Когда наконец опись имущества была окончена, Плещеев спросил у Меншикова и его жены: не отдали ли они на сохранение каких вещей и кому?

Меншиков поступил добросовестно, объявил, что Василию Арсеньеву отдал на сохранение пятьсот червонных, жене Арсеньева — две нитки бурмицких зерен, серьги и перстень, Екатерине Зюзиной — два складня, Варваре Арсеньевой — алмазные запонки, княгине Татьяне Шаховской — ящичек с золотыми вещами. Кажется, все…

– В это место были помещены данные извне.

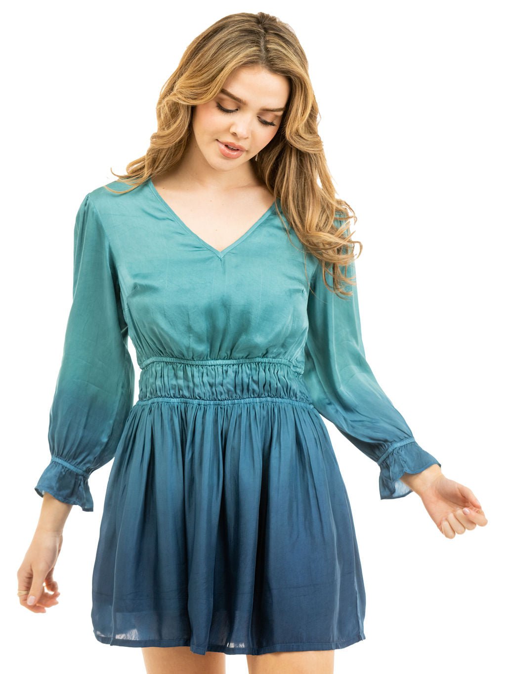 The Marie Mini dress is a classic cut with a flattering v-neckline, long sleeves and a double elastic cinched waist. Dress is up or down. Wear with your favorite pair of boots or heels. Made from 100% Cupro Satin and featured in our Blue Ombre dying technique.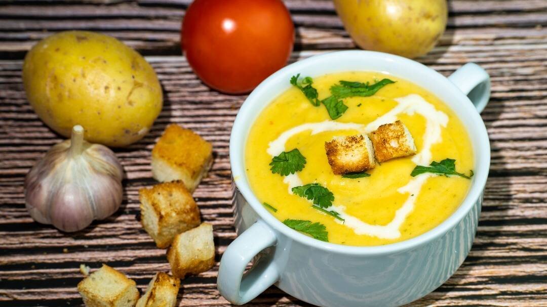 Идеальный рецепт приготовления овощного супа-пюре со сливками и хрустящими чесночными гренками, который приятно удивит своими великолепными вкусовыми качествами! #игры Ингредиенты: Картофель , Репчатый лук, Растительное масло , Морковь, Болгарский перец, Сельдерей, Вода, Сушеная зелень , Мускатный орех , Сливки, Батон (белый хлеб), Чеснок, Сливочное масло , Смесь перцев , Соль Способ приготовления: Выливаем в поставленную на плиту кастрюлю 2 столовых ложки растительного масла, затем выкладываем в нее 1 головку мелко нарезанного репчатого лука и обжариваем его на большом огне до прозрачности. Натираем на крупной терке 1 морковь, которую затем выкладываем в кастрюлю с луком и перемешивая обжариваем. Нарезаем крупными кусочками 700 граммов очищенного картофеля, затем выкладываем его в общую кастрюлю и перемешивая овощи между собой прогреваем картошку 5 минут. Мелко нарезаем 0,5 болгарского перца, 1 стебель сельдерея и выкладываем в общую кастрюлю, затем перемешиваем овощи между собой и пр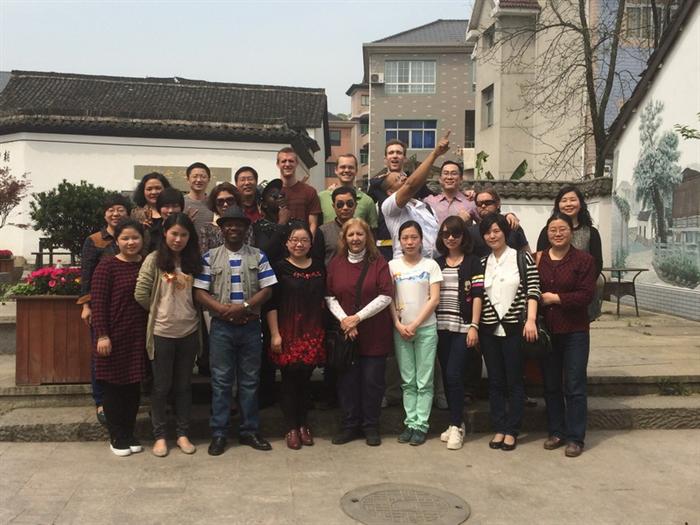 外教和中教一起参观了西湖区转塘街道艺术小镇外桐坞村,每位外教有两位中教陪同讲解。大家首先在国学礼堂学习了中国的传统教育和师德准则,然后参观感受中国的“枫丹白露”――中国美术学院的师生和外桐坞茶村特有景观相融合的绘画、摄影工作室。最后体验了茶园、年糕坊等中国乡土文化和自然风景。外教趣味盎然,中教耐心解答,融洽的文化交流之旅处处充满欢声笑语。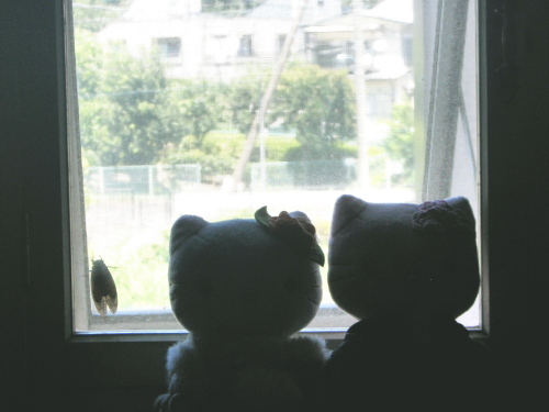 玄関を入った右側下駄箱がありその上に窓がある。午前10位頃川向こうに救急車が来た。窓から覗いた時はいなかった蝉が昼過ぎにその窓の網戸に止まっていた。一声も鳴かないので雌の蝉だろう。下駄箱の上のキティーとずっとお話をしているようだ。 昼下り蝉が訪ねてきたりけり クリックしてね ↓ 人気ブログランキングへ 俳句・夏・動物、蝉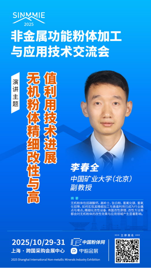 10月29-31日,北京粉體技術(shù)協(xié)會(huì)、柏德英思展覽(上海)有限公司、山東中粉會(huì)展服務(wù)有限公司將在上?鐕少彆(huì)展中心聯(lián)合主辦“上海國際非金屬礦工業(yè)展覽會(huì)(SINMMIE2025)”,展會(huì)現(xiàn)場將同期舉辦“非金屬功能粉體加工與應(yīng)用技術(shù)交流會(huì)”,屆時(shí)將邀請(qǐng)中國礦業(yè)大學(xué)(北京)李春全副教授作《無機(jī)粉體精細(xì)改性與高值利用技術(shù)進(jìn)展》主題報(bào)告,講解碳酸鈣、高嶺土、鈦白粉、氫氧化鎂、氫氧化鋁等粉體材料精細(xì)加工技術(shù)、設(shè)備,并展望發(fā)展趨勢(shì),現(xiàn)場與參會(huì)嘉賓一起交流互動(dòng)。

А на душе кошки скребли. «Ведь такие, пожалуй, и впрямь могут загнать куда ворон костей не таскал!» Хотелось кричать: «Что же вы делаете?.. Безумцы! Вздор!.. Неужели все, что сделано для пользы отечества, никому теперь не понадобится? И никто этого не оценит?.. Зачем же ломали через колено боярскую спесь, лежебочество, шведов воевали, пробивались к Европе, строили «Парадиз»?.. Зачем, позвольте спросить?» — хотелось крикнуть чиновникам.

Без добра, роскоши он, Александр Данилович Меншиков, проживет. И в тулупе овчинном будет он тем же! Нутра не отнимешь, не–ет, други!.. Можно сломать, но согнуть… так не выйдет!..

А вот дальше крушить старую плесень да гниль, новое заводить — это кто теперь будет?.. Долгорукие?.. И можно ли бесследно исчезнуть, после того как переломали они вековечное, колокола перелили на пушки, чего от века не было на Руси, пробились к морям…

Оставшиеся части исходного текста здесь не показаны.